By Chris Swan
Architecture, engineering, and consulting firms are operating in a different kind of leadership market right now.
Pipelines are full. That part looks healthy.
What’s thinner than it should be is the senior talent needed to deliver.
Founders are stepping back. Clients are asking for more. The definition of a strong AEC leader has shifted under everyone’s feet.
Here’s what actually happens in that environment: a bad hire doesn’t just slow things down—it shows up in missed plans, strained teams, and quiet client hesitation.
That’s why executive search in AEC has become a consequential decision, not an administrative one.
Done well, a leader comes in, finds their footing, and moves the business forward.
Done poorly, things stall. And most firms take longer than they should to admit it.
What I’ve seen over time is simple: the firms that outperform treat search like a leadership decision. Not a procurement exercise.
Why AEC Search Is Different
AEC looks like professional services from the outside. It isn’t.
The work is project-based. Margins are sensitive. Culture is shaped by how the firm wins and delivers work—not by what it says in a values statement.
A process built for a SaaS CFO won’t surface the right principal for an engineering practice.
The leaders who work in AEC tend to share a pattern:
- They build relationships over years, not quarters.
- They understand both backlog and P&L without needing translation.
- They can sit with senior technical staff and still move the firm forward.
- They know how to operate in environments where consensus matters.
That combination is specific. And it’s not easy to approximate.
The 2026 Leadership Pressure
Three things keep showing up this year.
First, generational turnover.
A lot of principal-level leaders are stepping back. Most firms believe they have a bench. Most benches are thinner than expected.
Second, digital pressure.
BIM, AI-assisted review, integrated delivery—this isn’t optional work anymore. The challenge isn’t the technology. It’s finding leaders who can introduce it without breaking the culture.
Third, client expectations.
Faster timelines. More transparency. Less tolerance for drift.
Leaders who can’t translate that into operations get squeezed—from both sides.
A search that accounts for all three tends to hold.
One that ignores them usually produces a hire that looked right—and wasn’t.
The cost shows up quickly. Teams disengage. Clients hesitate. Momentum fades.
What a Strong Search Actually Looks Like
There’s nothing flashy about good search work. It’s mostly discipline.

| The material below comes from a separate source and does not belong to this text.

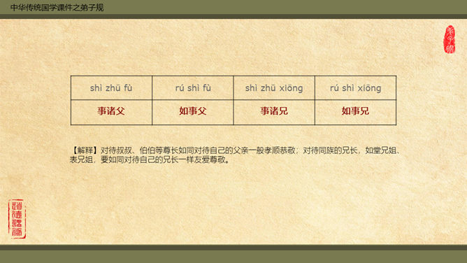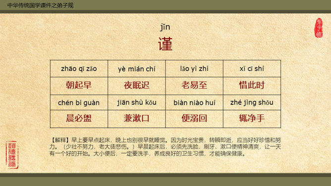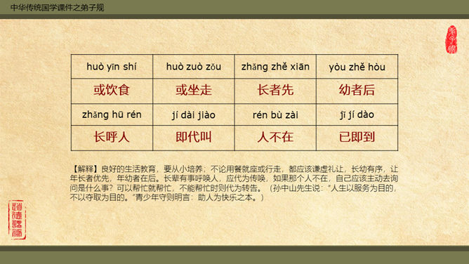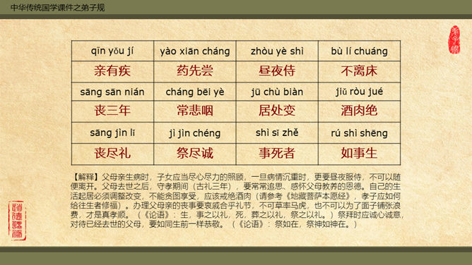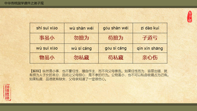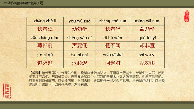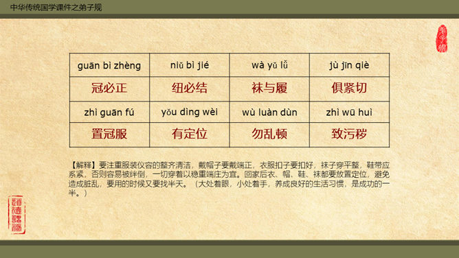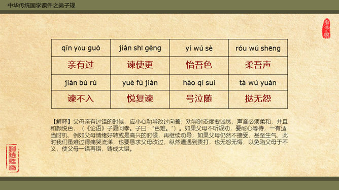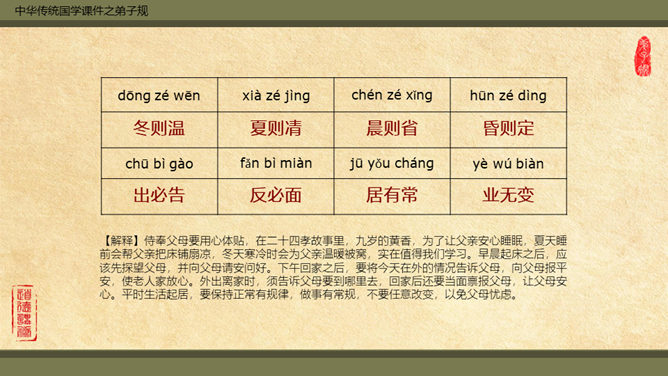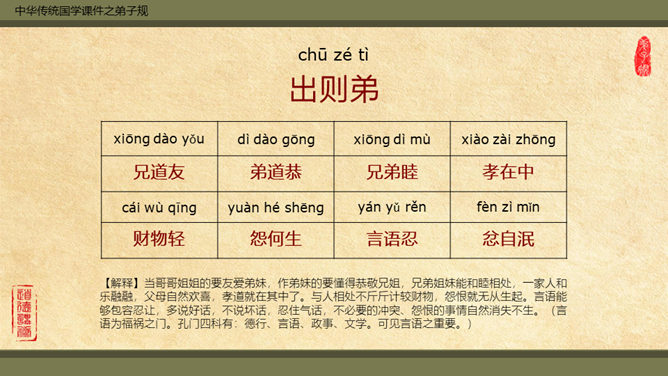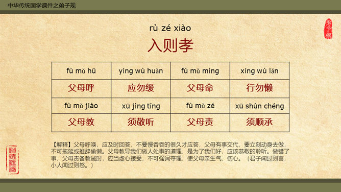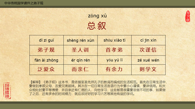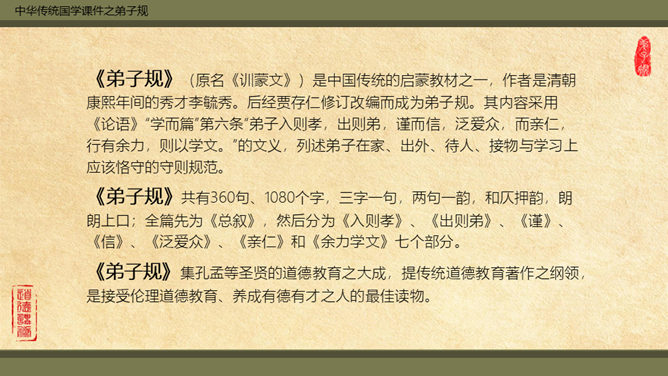 《弟子规》(原名《训蒙文》)是中国传统的启蒙教材之一,作者是清朝康熙年间的秀才李毓秀。后经贾存仁修订改编而成为弟子规。其内容采用《论语》“学而篇”第六条“弟子入则孝,出则弟,谨而信,泛爱众,而亲仁,行有余力,则以学文。”的文义,列述弟子在家、出外、待人、接物与学习上应该恪守的守则规范。集孔孟等圣贤的道德教育之大成,提传统道德教育著作之纲领,是接受伦理道德教育、养成有德有才之人的最佳读物。共有360句、1080个字,三字一句,两句一韵,和仄押韵,朗朗上口;全篇先为《总叙》,然后分为《入则孝》、《出则弟》、《谨》、《信》、《泛爱众》、《亲仁》和《余力学文》七个部分。

1. Clarity before candidates
Most searches start with a vague brief. That’s where things go wrong.
What I’ve seen is that strong searches force alignment early:
- What does success look like in 18 months?
- What decisions will this person own?
- Where are the real constraints?
Without that, you’re hiring into ambiguity.
2. Looking beyond the obvious pool
Some roles need deep AEC experience. Others don’t.
Firms that consistently get this right don’t limit themselves too early. They look inside the industry and just outside it—then let the evaluation process do the filtering.
3. Measuring fit, not guessing it
“Cultural fit” gets used a lot. It’s rarely defined.
Structured assessment helps. Not to eliminate candidates, but to understand how they operate under pressure—and where they’ll need support.
4. Real reference work
References are where patterns become clear.
A former client, peer, and direct report will each tell a different story. The gaps between those stories are where the risk sits.
Skipping this step is one of the more consistent mistakes.
Where Firms Get It Wrong
The patterns don’t change much.
- They mistake interview presence for operating ability.
- They hire for aspiration instead of need.
- They assume strong candidates will “figure it out” once inside.
- They let timelines stretch until the best candidates disappear.
The biggest issue is treating the search as transactional.
Leadership decisions compound.
A strong hire shapes the business for years.
A weak one quietly drags on everything—culture, retention, growth.
Another pattern: narrowing too quickly.
The best AEC leaders are usually not looking. If your process depends on inbound interest, you’re already behind.
What the Right Hire Actually Does
When the process is run well, the outcome is bigger than one role.
The firm gets clearer on its own direction.
It sees its leadership gaps more honestly.
It builds a process it can reuse.
The leaders who land successfully tend to be consistent in a few ways:
- They’re clear on what changes early—and what doesn’t.
- They spend political capital where it matters.
- They can speak to boards, technical staff, and project teams without losing credibility.
And importantly, those traits were visible before the hire was made—not discovered after.
If you’re working through a managing principal, regional leader, COO, or board hire, the way you run the search will shape more than just that seat.
It shows up in how the firm operates over the next five years. This is what I’ve seen play out repeatedly.